A menudo cuando digo que soy hincha de Ferro, mi interlocutor me mira con aire asombrado como si se hubiera topado con un raro ejemplar de una especie en vías de extinción. Esta repetida situación me ha llevado a preguntarme por qué soy hincha de Ferro, cuando en realidad hasta los diez años, edad en la que vine a vivir a Caballito, era hincha de Boca. Para hallar la repuesta a este cruel interrogante, debí introducirme en un imaginario túnel y retornar al Caballito de aquél tiempo.
Sin duda la primera asociación de ideas tiene que ver con el club mismo, con mis diez años caminando de Primera Junta a la sede social en Cucha Cucha y Avellaneda, ataviado con el equipo deportivo oficial. Zapatillas blancas de goma (Pampero), el pantaloncito blanco, la remera también blanca con el escudo que me identificaba como Tehuelche, el bolso azul colgando del hombro y cruzando las vías por el puente, como les indicaba el club a los cadetes.
Así, entre clases de gimnasia, de natación, juegos, banderas y escudos, la savia verde comenzó a introducirse en mis venas. Aunque sutilmente, porque en aquellos días la parte social del club no miraba con simpatía la actividad futbolera. La verdadera pasión por los colores se vivía en la cancha y en los cafés del barrio donde convergían los muchachos de todas las edades después de los partidos a leer los diarios y comentar los resultados del fútbol y también las carreras de caballos.

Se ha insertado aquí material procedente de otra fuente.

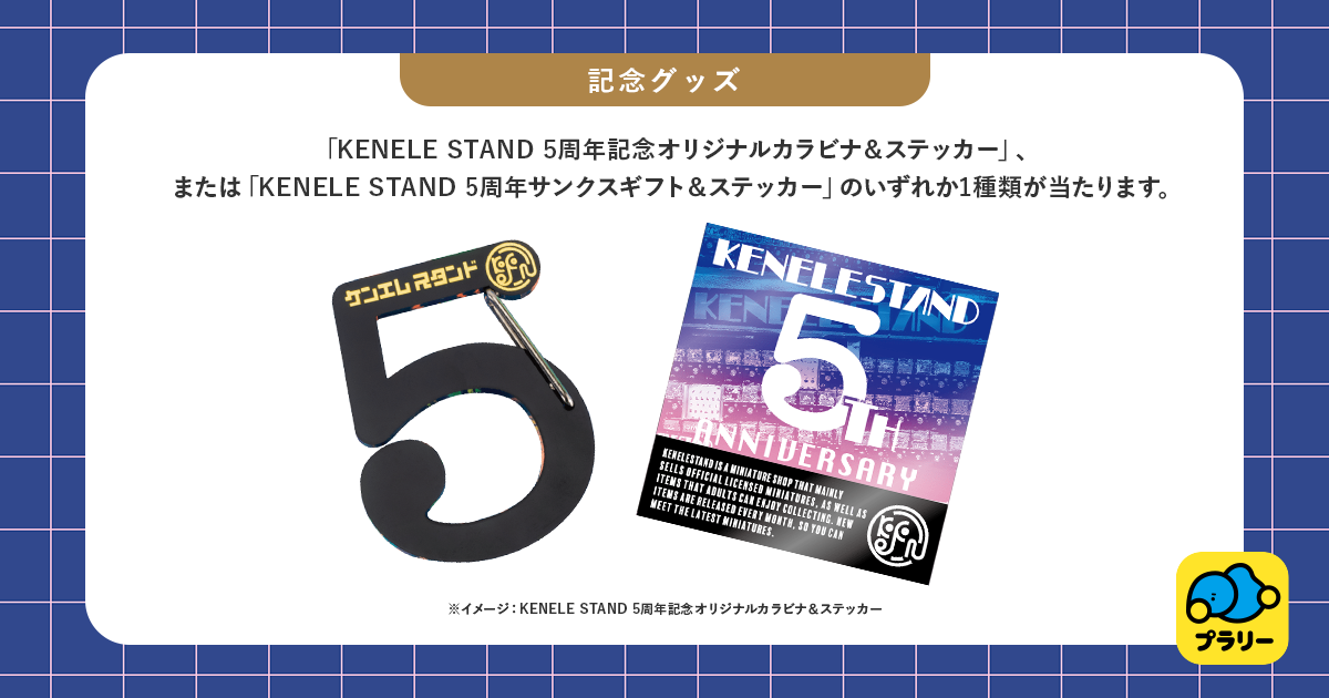 「KENELE STAND 5周年記念オリジナルカラビナ&ステッカー」、または「KENELE STAND 5周年サンクスギフト&ステッカー」のいずれか1種類が当たります。

Allí estaba siempre mi padre, al que yo me pasaba pidiéndole que me llevara a ver a Boca. Pero él era de Racing y como se había criado en Caballito, simpatizaba con Ferro. El asunto era, que en tren de llevarme a la cancha, le quedaba muy cómoda la de Ferro que estaba a cuatro cuadras, o seguirlo de visitante en los camiones que fletaba la Agrupación "Arriba Oeste".
De ésta forma, con sol, frío o lluvia, apretujado en la caja de un bamboleante camión, por la poco numerosa pero bullanguera hinchada verdolaga que cantaba su fervor y lanzaba bromas de todo calibre a los pobres peatones que se cruzaban, fui conociendo, una a una, todas las canchas de Buenos Aires y sus alrededores. También a los jugadores, de primera, reserva y tercera, y en los relatos de los hinchas más veteranos, reviví goles memorables y fui arrastrado por los abrazos enloquecidos provocados por un gol de Salvucci, Runzer o Piovano, y casi sin darme cuenta, comencé a compartir el éxtasis de la victoria y la bronca y la amargura de la derrota.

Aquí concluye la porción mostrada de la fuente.